--- WHAT IS EXPECTED ---
From the line containing "在上課這場戲中,鏡頭記錄了孩子們的真實反應" through the last line of the entries below, print each line exactly. Pictures stay out.

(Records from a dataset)
• • • • •

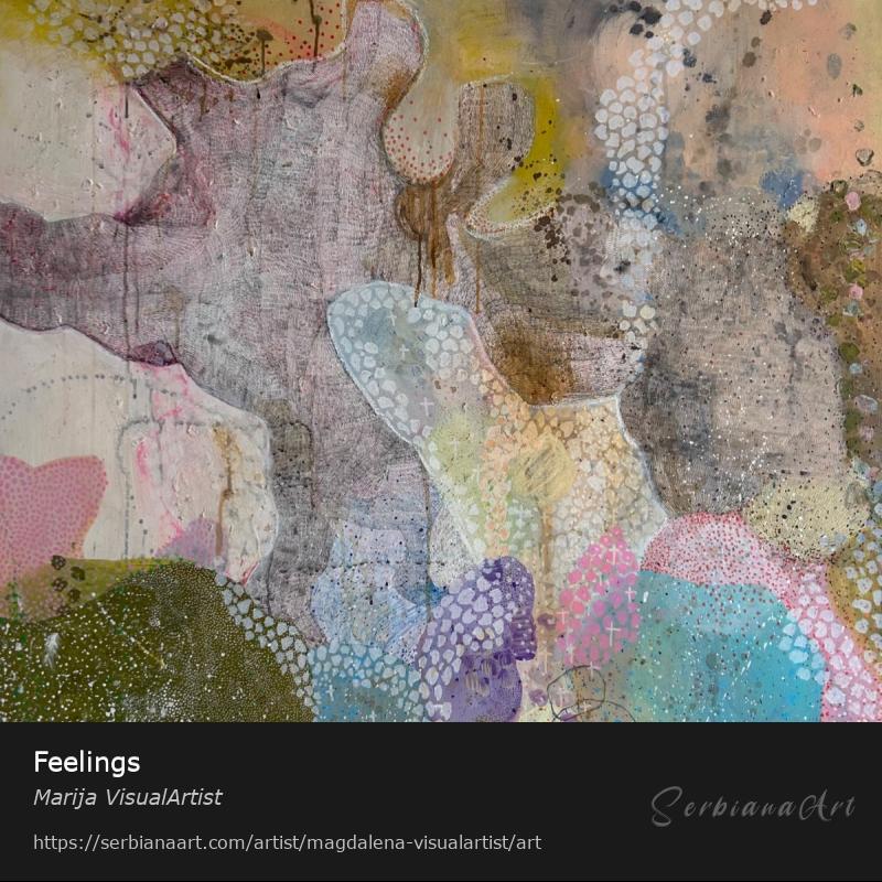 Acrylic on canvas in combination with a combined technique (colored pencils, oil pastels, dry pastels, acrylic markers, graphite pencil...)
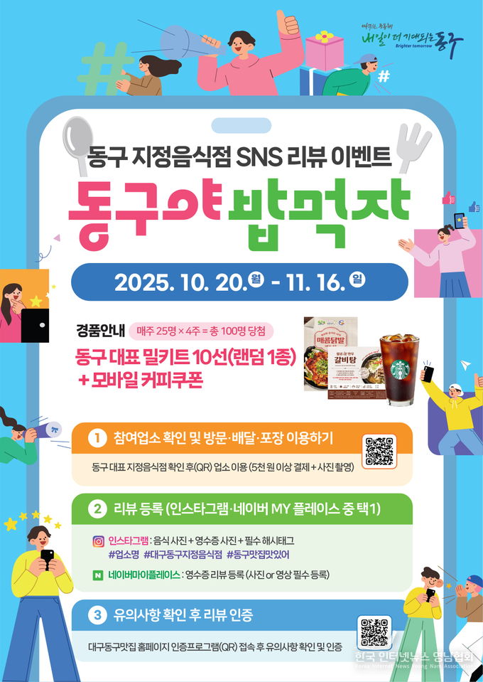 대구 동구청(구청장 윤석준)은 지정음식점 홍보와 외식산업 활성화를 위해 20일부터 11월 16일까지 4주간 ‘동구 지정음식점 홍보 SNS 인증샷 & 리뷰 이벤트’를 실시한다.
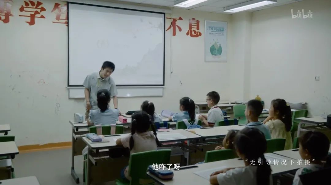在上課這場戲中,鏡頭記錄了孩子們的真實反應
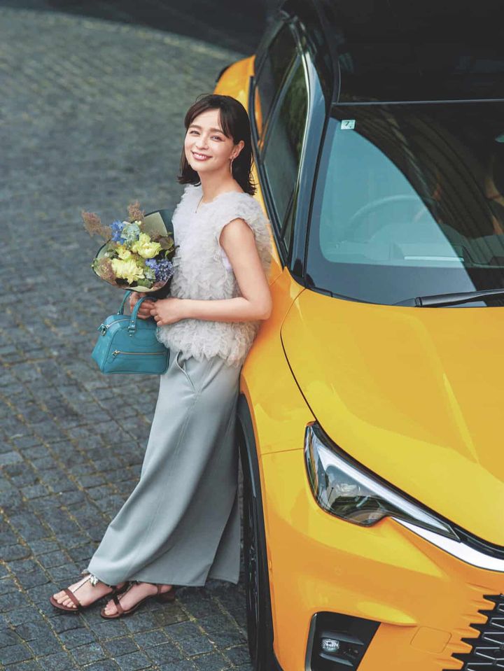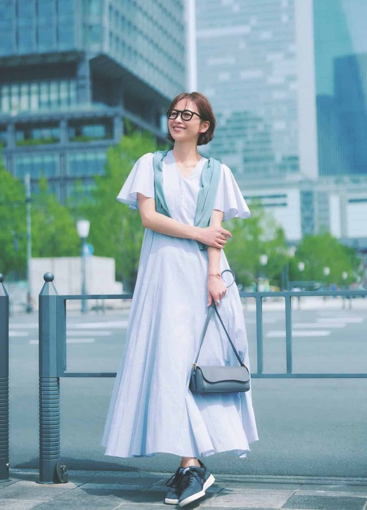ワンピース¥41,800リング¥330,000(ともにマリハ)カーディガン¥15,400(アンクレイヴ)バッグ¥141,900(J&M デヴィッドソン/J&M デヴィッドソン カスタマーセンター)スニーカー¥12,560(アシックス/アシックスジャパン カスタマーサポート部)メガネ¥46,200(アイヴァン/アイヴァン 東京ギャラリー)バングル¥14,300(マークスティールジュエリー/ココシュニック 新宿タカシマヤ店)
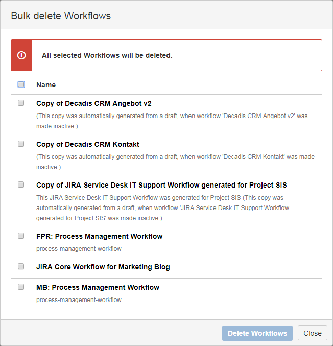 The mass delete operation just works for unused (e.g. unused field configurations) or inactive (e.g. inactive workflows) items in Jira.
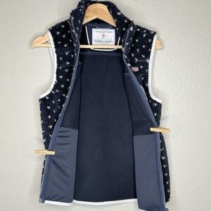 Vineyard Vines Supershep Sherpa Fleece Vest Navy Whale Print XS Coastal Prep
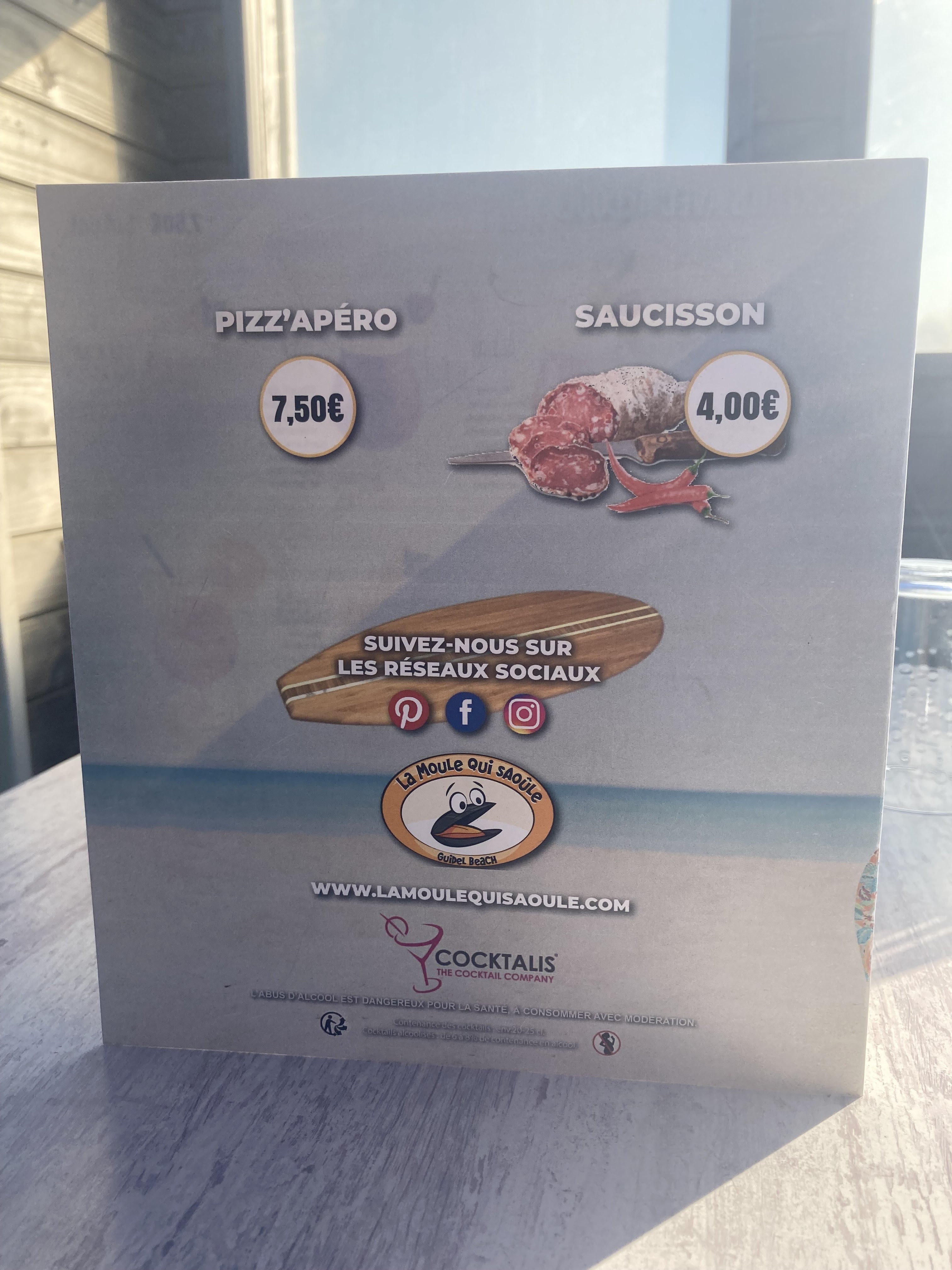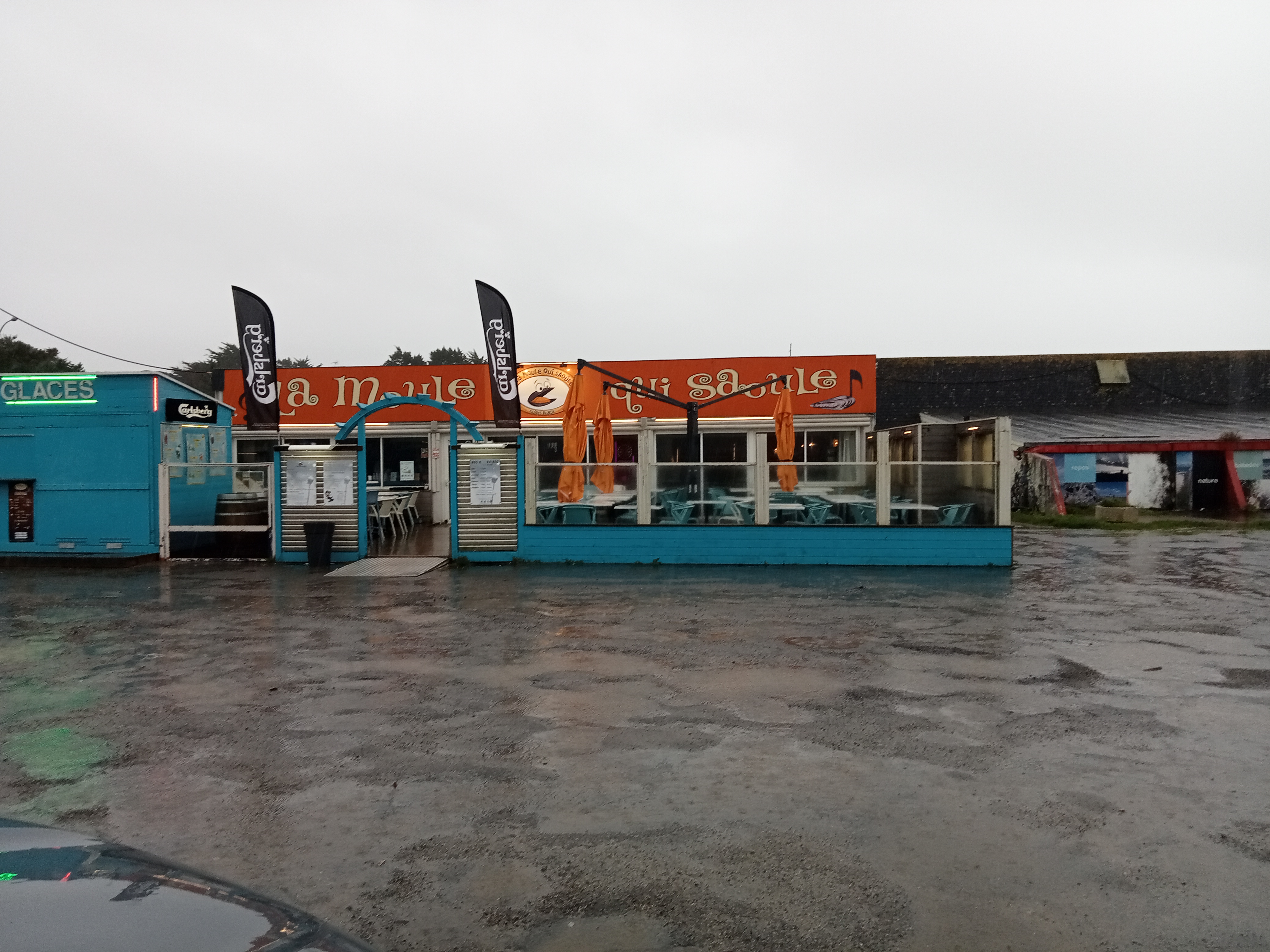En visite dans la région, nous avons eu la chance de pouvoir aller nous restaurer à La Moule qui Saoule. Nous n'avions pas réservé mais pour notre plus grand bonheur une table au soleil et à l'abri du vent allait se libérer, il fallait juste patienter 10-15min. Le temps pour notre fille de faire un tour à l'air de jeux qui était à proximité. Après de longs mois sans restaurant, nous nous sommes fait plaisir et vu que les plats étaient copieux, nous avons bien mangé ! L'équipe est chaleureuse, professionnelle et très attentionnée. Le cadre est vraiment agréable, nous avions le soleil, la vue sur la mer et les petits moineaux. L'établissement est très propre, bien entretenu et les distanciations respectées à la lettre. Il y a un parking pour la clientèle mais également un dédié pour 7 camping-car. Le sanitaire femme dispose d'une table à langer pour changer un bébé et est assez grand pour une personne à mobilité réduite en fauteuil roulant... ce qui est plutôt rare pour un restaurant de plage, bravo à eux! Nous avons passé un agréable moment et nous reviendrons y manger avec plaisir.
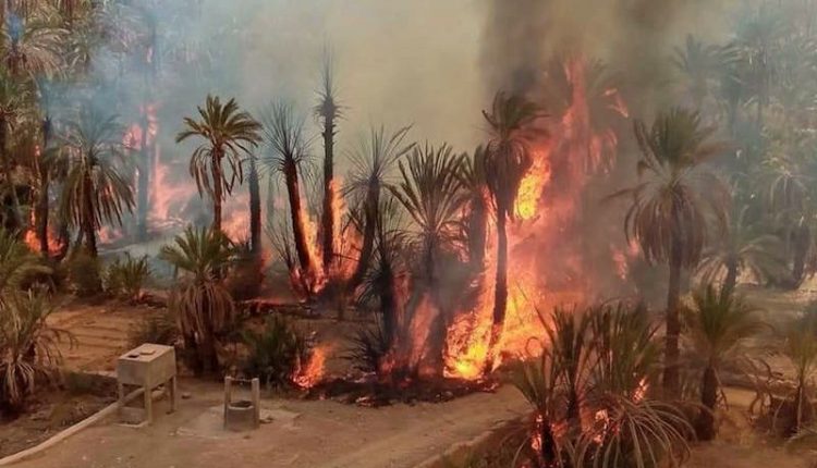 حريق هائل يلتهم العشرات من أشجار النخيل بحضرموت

• • • • •

--- SOLUTION ---
在上課這場戲中,鏡頭記錄了孩子們的真實反應
ワンピース¥41,800リング¥330,000(ともにマリハ)カーディガン¥15,400(アンクレイヴ)バッグ¥141,900(J&M デヴィッドソン/J&M デヴィッドソン カスタマーセンター)スニーカー¥12,560(アシックス/アシックスジャパン カスタマーサポート部)メガネ¥46,200(アイヴァン/アイヴァン 東京ギャラリー)バングル¥14,300(マークスティールジュエリー/ココシュニック 新宿タカシマヤ店)
 The mass delete operation just works for unused (e.g. unused field configurations) or inactive (e.g. inactive workflows) items in Jira.
 Vineyard Vines Supershep Sherpa Fleece Vest Navy Whale Print XS Coastal Prep
En visite dans la région, nous avons eu la chance de pouvoir aller nous restaurer à La Moule qui Saoule. Nous n'avions pas réservé mais pour notre plus grand bonheur une table au soleil et à l'abri du vent allait se libérer, il fallait juste patienter 10-15min. Le temps pour notre fille de faire un tour à l'air de jeux qui était à proximité. Après de longs mois sans restaurant, nous nous sommes fait plaisir et vu que les plats étaient copieux, nous avons bien mangé ! L'équipe est chaleureuse, professionnelle et très attentionnée. Le cadre est vraiment agréable, nous avions le soleil, la vue sur la mer et les petits moineaux. L'établissement est très propre, bien entretenu et les distanciations respectées à la lettre. Il y a un parking pour la clientèle mais également un dédié pour 7 camping-car. Le sanitaire femme dispose d'une table à langer pour changer un bébé et est assez grand pour une personne à mobilité réduite en fauteuil roulant... ce qui est plutôt rare pour un restaurant de plage, bravo à eux! Nous avons passé un agréable moment et nous reviendrons y manger avec plaisir.
 حريق هائل يلتهم العشرات من أشجار النخيل بحضرموت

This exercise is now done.